“We could not support an unconditional ceasefire that failed to release the hostages,” Robert Wood, the deputy U.S. ambassador to the global body, told the council.
The United States vetoed a U.N. Nations Security Council resolution calling for an Israel-Hamas ceasefire on Wednesday morning, Nov. 20, citing its failure to condition a halt in hostilities directly to the release of the hostages, whom Hamas continues to hold in the Gaza Strip.
“We could not support an unconditional ceasefire that failed to release the hostages,” Robert Wood, deputy U.S. ambassador to the United Nations, told the council.
Wood accused Hamas—and not Israel—of blocking a negotiated ceasefire and cited Israel’s reference for a temporary ceasefire and a phased release of hostages.
Washington cast the lone vote against the measure among the 15-member body. It is one of five permanent members of the council that has veto power.
The E10, a group of the council’s 10 elected members, put the resolution forward at Algeria’s urging. The North African country is the Security Council’s de facto representative for the Palestinians and the Arab and Muslim world.
Amar Bendjama, Algeria’s envoy to the global body, called it a “sad day” for the council and claimed that the Jewish state has “impunity in this chamber.”
The vetoed resolution demanded an immediate, unconditional and permanent ceasefire, as well as the immediate and unconditional release of all hostages who remain in Gaza.
It rejected “any effort to starve Palestinians” and demanded immediate access to basic services and humanitarian assistance for civilians in Gaza. It also called for aid to enter the Strip at scale and be delivered, including to “civilians in besieged north Gaza.”
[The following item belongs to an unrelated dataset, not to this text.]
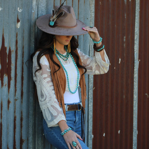 Indulge in this stunning turquoise necklace. Handmade in Texas, this necklace is a unique addition to any boho or western fashion ensemble. The genuine magnesite turquoise stones add a touch of natural beauty. Elevate your style with this one-of-a-kind piece!

Wednesday marked the 12th time that the Security Council has voted on a resolution about the Israel-Hamas war. Only four have been adopted. None of the prior 11 appears to have had a substantive effect on halting hostilities or securing the release of hostages or delivery of aid.
Danny Danon, Israel’s ambassador to the United Nations, told reporters ahead of Wednesday’s vote that the resolution “is nothing short of a betrayal.”
“It betrays the 101 innocent hostages still held by Hamas, their grieving families and the very principles the United Nations claims to defend,” he told journalists.
It is “not a resolution for peace. It is a resolution for appeasement” that abandons the hostages and validates and rewards terrorism, he added.
Softened Language
The latest resolution was negotiated extensively and underwent multiple drafts. The first iteration demanded an immediate, unconditional and permanent ceasefire but only insisted upon immediate, unconditional release of all hostages in the next paragraph.
The United States and Japan, among others, requested a revised draft repeatedly, and the next version placed the two demands in the same paragraph. (That followed the agreed-upon text from a prior resolution in March, upon which Washington controversially abstained, allowing it to pass.)
This time around, the Biden administration insisted on an explicit conditional link between the demands for ceasefire and hostage release. This was the formula that was articulated in a June resolution, which called for a phased ceasefire and hostage release scheme. That resolution passed with a Russian abstention.
The E10 rejected the demand, leading to a stalemate — and Wednesday’s U.S. veto.
Washington won other concessions on the text of the resolution, including a critical deletion of language relevant to Chapter VII of the U.N. Charter. The original text of the resolution determined “that the situation in the Gaza Strip and the regional escalation constitute a threat to international peace and security.”
That specific language triggers Chapter VII, which empowers the Security Council to take collective action it deems fit, up to and including the use of force. The Biden administration insisted that it be removed.
The new draft also softened language about implementing the International Court of Justice’s ruling on provisional measures that it said Israel must take in Gaza and on text rejecting actions that undermine the mandate of the U.N. Relief and Works Agency for Palestine Refugees in the Near East, which Israel has said has many employees that are part of Palestinian terror groups and that participated directly in the Oct. 7 attacks.
Despite U.S. pressure, the resolution did not condemn Hamas explicitly, nor did it establish a standing mechanism to review Israel’s allegations about UNRWA.